**DATASET EXTRACT**
***
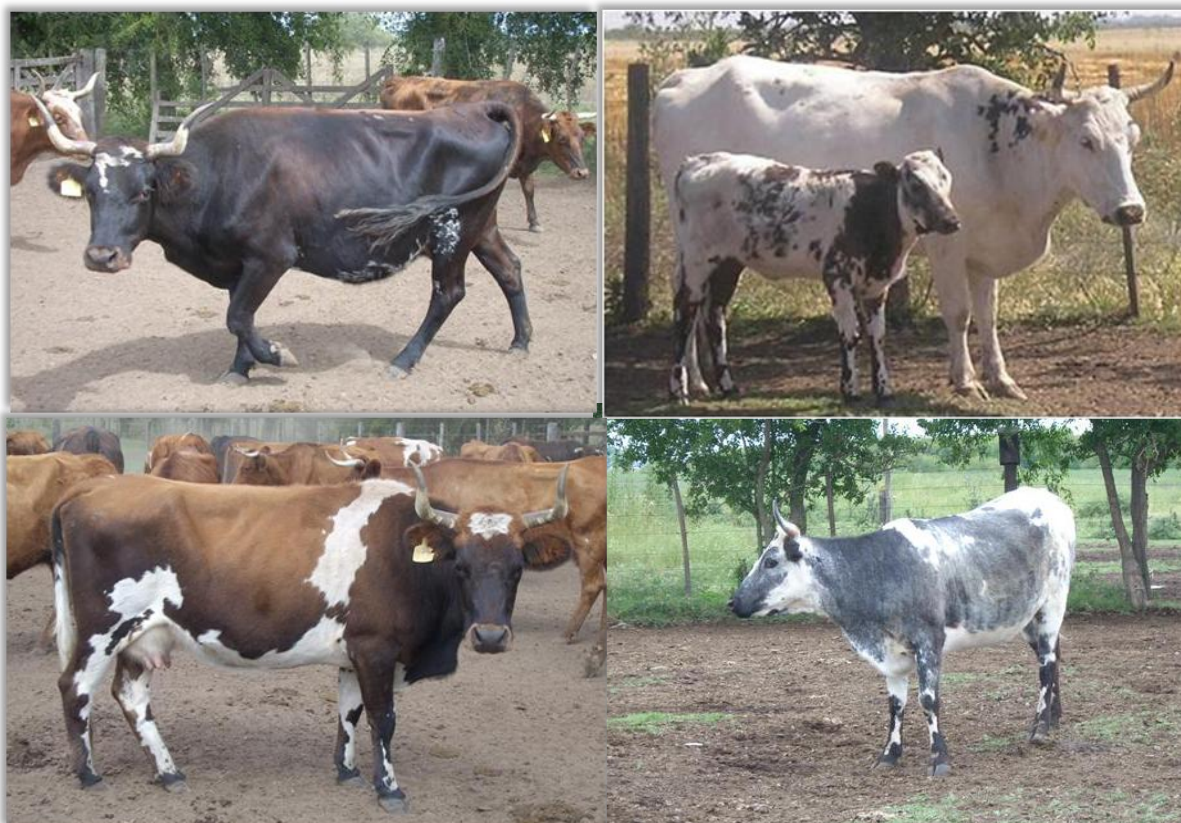
Figura 3. Vacas criollas con distintos pelajes típicos de la raza ( Creole cows with different pelage typical of the breed )

raza criolla, se produce como consecuencia de apareamientos continuos entre parientes (endocría) y que debido a la alta consanguinidad existente se produce cierta “degeneración” o aparición de pelajes raros y variados. Como se ha demostrado científicamente, el mayor número de colores, su diferente distribución y la combinación de los mismos para formar la capa de los bovinos, manifiesta la presencia en esa población de mayor cantidad de variantes genéticas de color para la expresión del pelaje que en una raza uniforme. No se trata de ningún defecto o degeneración biológica, por el contrario, puede ser ventajoso para los animales a la hora de responder a determinadas condiciones climáticas como por ejemplo a la radiación solar. La variabilidad de pelajes puede observarse en poblaciones de bovinos de la raza criolla ya que la misma no ha sido seleccionada por ningún pelaje en particular y constituye una característica típica de la raza (Figura 3).
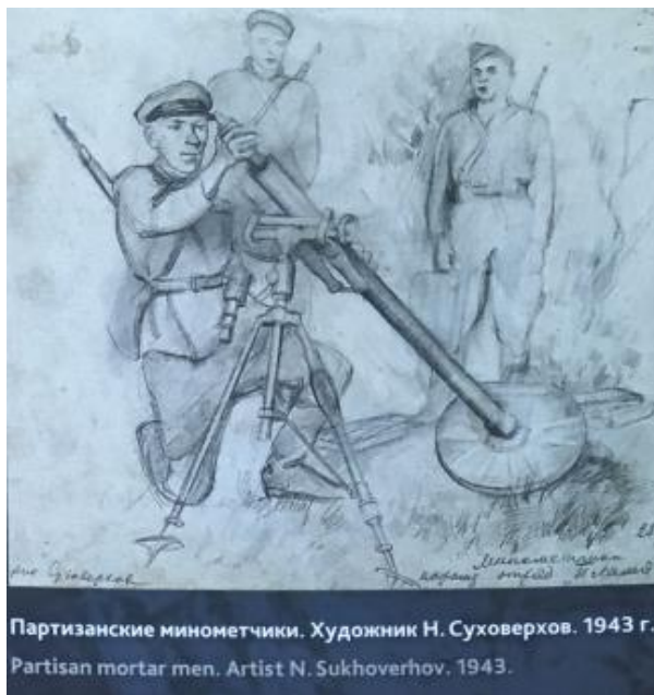
Партизанские минометчики. Художник Н. Суховерхов. 1943 г. Partisan mortar men. Artist N. Sukhoverhov. 1943.

13) варианты участия в советском партизанском движении на территории Беларуси представителей иностранных государств – т.н. зарубежных антифашистов: в пример приведены перебежчики из немецких оккупационных войск – немецкие солдаты и офицеры разных национальностей, перешедшие к
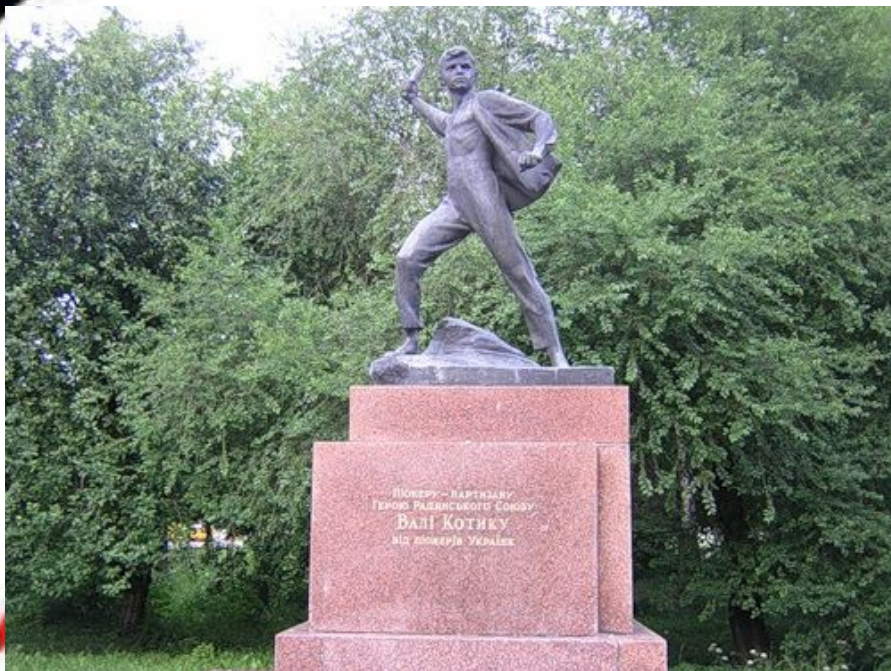
Памятник Вале Котику в Шепетовке
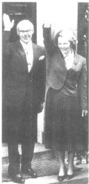
1979年5月3日，53岁的玛格丽特·撒切尔夫人成为英国历史上第一位女首相。
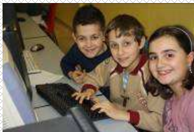
Pugile Ilaton - Luka Passi Lavv Dht Gina Mimcane
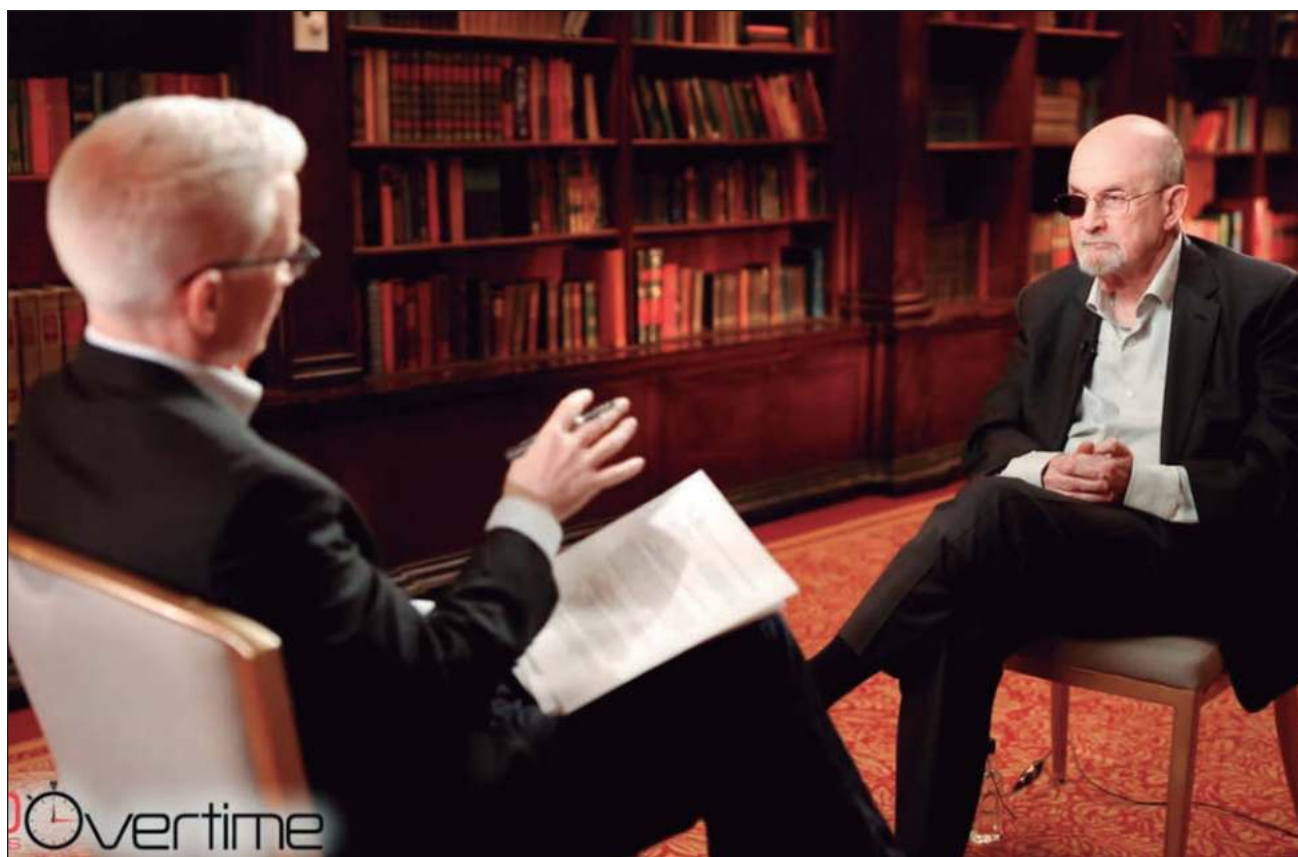
▲ El ataque contra el novelista ocurrió el 12 de agosto de 2022, minutos antes de que presidiera una charla en el auditorio de la Institución Chautauqua, en Nueva York: perdió la vista de un ojo y una mano quedó incapacitada.

Algunas de sus obras más sobresalientes son Hijos de la medianoche , El último suspiro del moro , Joseph Anton y Quijote .
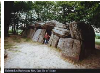
Dolmen Les Roches aux Fées, Dep. Ille et Vilaine © Frauke Ruch Bismarck-Preis Abdruck/Verwendung honorarpflichtig Bismarckpreis erhalten
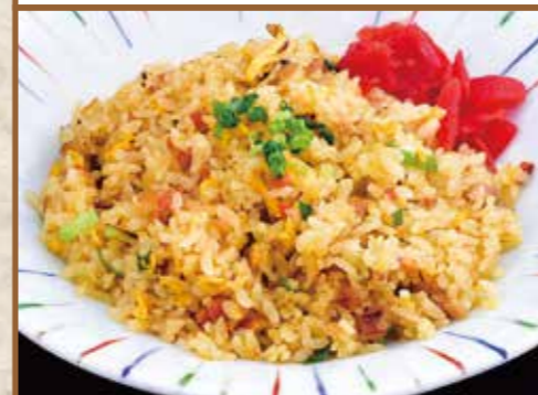
■ 五目チャーハン 540円
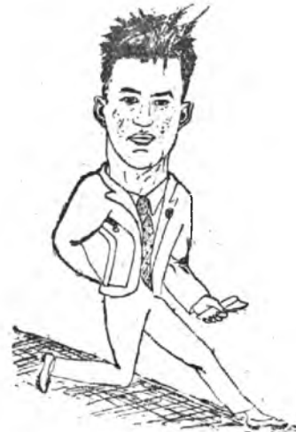
Усталый вид, И ноги заплетаются... Бюро сидит, А он за всех старается...
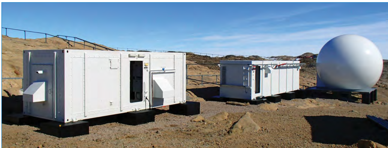
Новые комплексы оборудования системы ГЛОНАСС на станции Прогресс.

– продолжилось международное сотрудничество РАЭ в рамках выполнения программы DROMLAN совместно с национальными антарктическими экспедициями Бельгии, Великобритании, Германии, Индии, Нидерландов, Норвегии, Финляндии, Швеции, ЮАР и Японии, использующими ледовый аэродром и пассажирский терминал станции Новолазаревская;
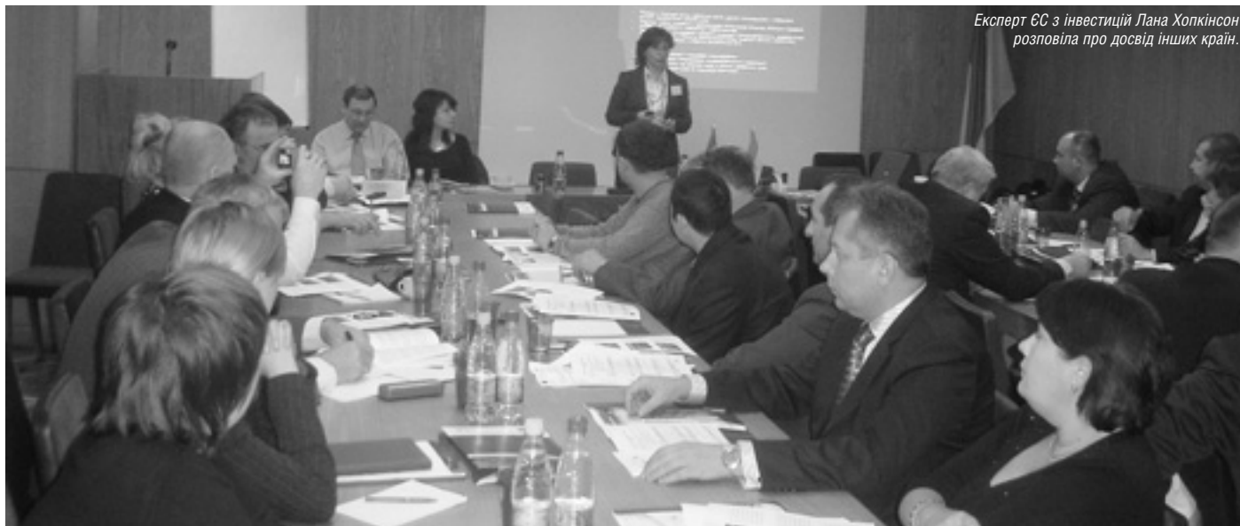
Експерт ЄС з інвестицій Лана Хопкінсон розповіла про досвід інших країн.

Два національні семінари із залучення інвестицій було проведено в Києві в рамках проекту «Послуги з підтримки малих та середніх підприємств у пріоритетних регіонах». Метою було привернути увагу державних службовців та бізнесменів з усіх областей України до важливості залучення іноземних капіталів, а також розповісти, що потрібно для створення середовища, стимулюючого іноземних інвесторів.
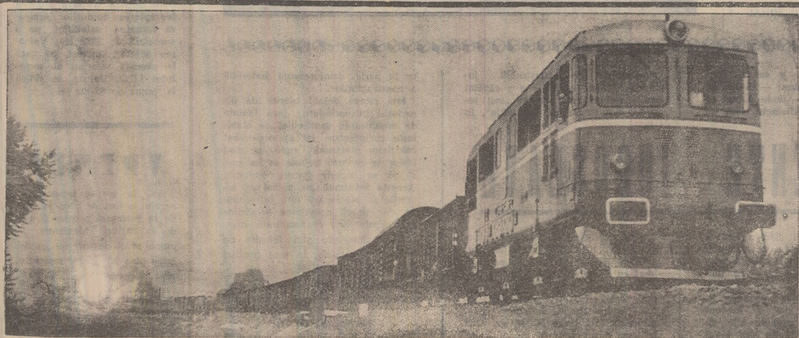
Încă una din sutele de garnituri care poartă aurul negru spre gurile de foc ale Hunedoarel.
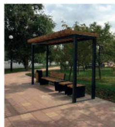
СКАМЬЯ С НАВЕСОМ
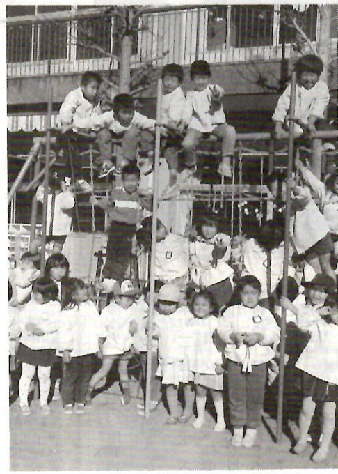
みんな元気いっぱい 第三保育所で

事業用資産のうち土地、家屋を除く償却資産の所有者（貸し付けている場合も含む）は、地方税法の規定によって毎年一月末日までに申告をしなければならなりません。市では限られた期間内に評価を完了しなければなりませんので、早めに申告をお願いしています。
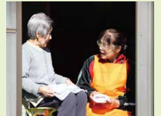
ほっこりやすらぎのひととき

ホームヘルパーがご自宅を訪問します。ベテラン主婦の経験も生かしながら調理や清掃などのお手伝いをします。縁側で洗濯物をたたみながらおしゃべりしたり、穏やかに流れる時間を一緒にしながら、利用者様自身ができることが増えるよう、支援させていただきます。
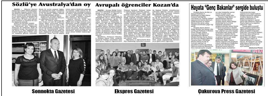
Kaynak: 7 Nisan 2014 (Sonnokta Gazetesi), 9 Nisan 2014 (Ekspres Gazetesi), 9 Nisan 2014 (Çukurova Press Gazetesi)
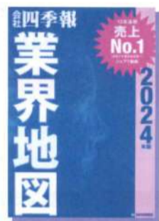
会社四季報業界地図 2024年版
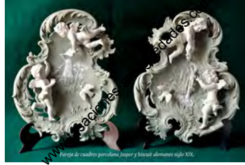
Pareja de cuadros porcelana Jingpi y bisnui alemanes siglo XIX.
***
**WHAT THIS TASK INVOLVES**
Using the records above, filter out every line that lacks the string "станции" and copy the rest.

**ANSWER TO THIS PROBLEM**
Новые комплексы оборудования системы ГЛОНАСС на станции Прогресс.
– продолжилось международное сотрудничество РАЭ в рамках выполнения программы DROMLAN совместно с национальными антарктическими экспедициями Бельгии, Великобритании, Германии, Индии, Нидерландов, Норвегии, Финляндии, Швеции, ЮАР и Японии, использующими ледовый аэродром и пассажирский терминал станции Новолазаревская;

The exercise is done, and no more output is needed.